Streamlining UML Diagram Automation for ISO 21378 Audit Data Collection

Visits: 25

Nobuyuki SAMBUICHI
ISO/TC295 Audit data services
Convener at SG1 Semantic model
Co-project Leader at AWI 21926 Semantic data model for audit data services

1. Introduction

In today’s digital world, visual representation of data models is crucial. This blog explains how to automate UML (Unified Modeling Language) diagrams creation from CSV (Comma Separated Values) files using Python and PlantUML.

2. Objective

Our primary goal is to transform class information stored in CSV files into structured UML diagrams, useful for software developers and system architects.

3. Tool and Environment Setup

To begin, ensure you have Python installed. Then, set up PlantUML:

Download PlantUML: Go to PlantUML official website and download plantuml.jar.
Install Java: PlantUML requires Java. Download and install the Java Runtime Environment (JRE).
Verify PlantUML Setup: Run java -jar path/to/plantuml.jar -version in your terminal.
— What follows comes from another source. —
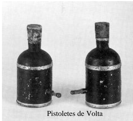
Pistoletes de Volta

Nesta sala, preséntanse os instrumentos destinados: a comprobar que a electricidade se acumula nas superficies curvas ou que se dispón na superficie externa dos conductores, a reproducir as experiencias do pararraios, a estudar os efectos das descargas eléctricas, etc. As primeiras máquinas para obter electricidade fregando un cilindro de vidro, os electroscopios, os electróforos e os primeiros condensadores, achégnanos ós alicerces dun saber que marcaría o evoluir do século XIX.

Replace path/to/plantuml.jar with your PlantUML jar file path.

4. Building the Python Script and Its Functions

The Python script is designed to automate the UML diagram creation process by performing several key functions:

Path Conversion: Converts relative paths to absolute paths for reliable file access.
Reading Target Classes: Reads specific class names from target_classes_file to selectively generate UML diagrams based on user-defined criteria.
Parsing CSV Data: Extracts essential class properties and relationships from object_class.
Generating PlantUML Code: Transforms extracted data into PlantUML syntax, setting the stage for diagram generation.
Exporting to UML Diagram: Writes the PlantUML code to a file and employs PlantUML to convert this code into a visual UML diagram.

This script, by processing only relevant data from mim.csv and target_classes_file, efficiently creates focused and accurate UML diagrams, enhancing the understanding and representation of complex semantic models.

5. Understanding the CSV Input Format

5.1. object_class

The object_class file, used as input, is a Refined Message Information Model (R-MIM) for HL7 graphwalk, aimed at producing Hierarchical Message Definition (HMD). The file contains the following columns:

ID: A unique identifier for each entry.
Type: The type of the entry, such as attribute, association, etc.
Level: The hierarchical level of the entry in the model.
Multiplicity: Defines the multiplicity of the relationship.
ClassName: The name of the class.
AttributeName: The name of the attribute.
Datatype: The datatype of the attribute.
AssociatedClass: Any class that is associated with the current entry.
Description: A brief description of the entry.

It’s important to note that the Python script utilizes only a subset of these columns – specifically ClassName, AttributeName, Type, Datatype, and AssociatedClass, to construct the UML diagrams.

Ensure the CSV file follows this format for the script to parse and generate UML diagrams correctly.

The Python script specifically processes the following columns from object_class file:

ClassName: Utilized to identify and create UML classes.
AttributeName: Used to define attributes within each UML class.
Type: Indicates the nature of the entry, whether it’s an attribute or a type of relationship (like association or aggregation).
Datatype: Specifies the data type of attributes in the UML class.
AssociatedClass: Important for defining relationships between classes, especially in cases of associations, aggregations, and compositions.

These columns are essential for accurately mapping the R-MIM data into a structured UML diagram, capturing the necessary details for each class and their inter-relationships.

5.2. target_classes_file

The object_class file, integral to this semantic model, encompasses a range of classes related to the Refined Message Information Model (R-MIM) for HL7. To selectively generate UML class diagrams, the target_classes_file is utilized. This file contains a list of class names, with each class name written on a separate row. The Python script reads this file to filter and process only the specified classes from mim.csv, enabling focused and relevant UML diagram generation based on the user’s requirements.

6. Usage

Prepare your CSV with class information, then run the Python script to generate the UML diagram.

7. Conclusion

This automation simplifies creating UML diagrams from CSV files, showcasing the synergy between Python’s simplicity and PlantUML’s efficiency.